Sorry to be the cynic, but somebody has to…
It is probable, at this point, that more than 50% of the medical problems that Americans have are CAUSED by over-medication (as well as misguided ‘advice’ like avoiding fats), ranging from diabetes and gall bladder problems caused by inappropriately prescribed meds for hypertension; to mysterious ‘epidemics’ of autism and breast cancer that might be explained by answering questions nobody is willing to ask, such as: is the modern epidemic of breast cancer related to the fact that the last fifty years has introduced a new hormonally disrupting factor into women’s health, viz: the birth control pill?
That doesn’t mean we shouldn’t treat some kids with developmental disorders, especially if the patients are dangerous to themselves or others, but we have to be very careful with that treatment and its potential long term side effects.
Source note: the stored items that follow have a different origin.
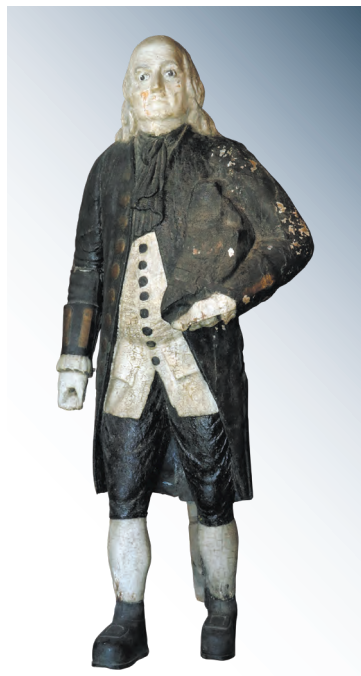
Full-Length Ship's Figurehead from SS Franklin, ca. 1850
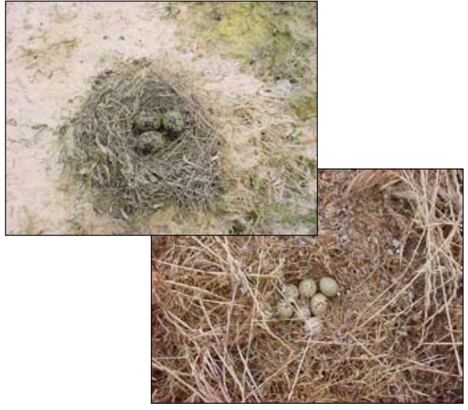
Black-winged Stilt nest (left) and a clutch of Stubble Quail eggs (right) at the wetlands in the Beyond development at Pt Elliot.
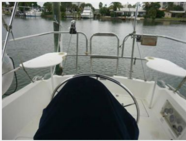
Perch Seats are VERY popular
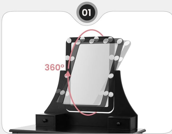
360° Rotatable Mirror

One example: that guy who killed all those people in southern California a few weeks ago had long been diagnosed with one or another psychiatric disorder.
Was he or had he been on medication of some sort?
We HAVE to ask these questions if we are going to claim to be ‘scientists’.
I always wonder about kids who get 3 hours of hard exercise a day, and 10 hours of sleep. How often do they get diagnosed as needing medicine?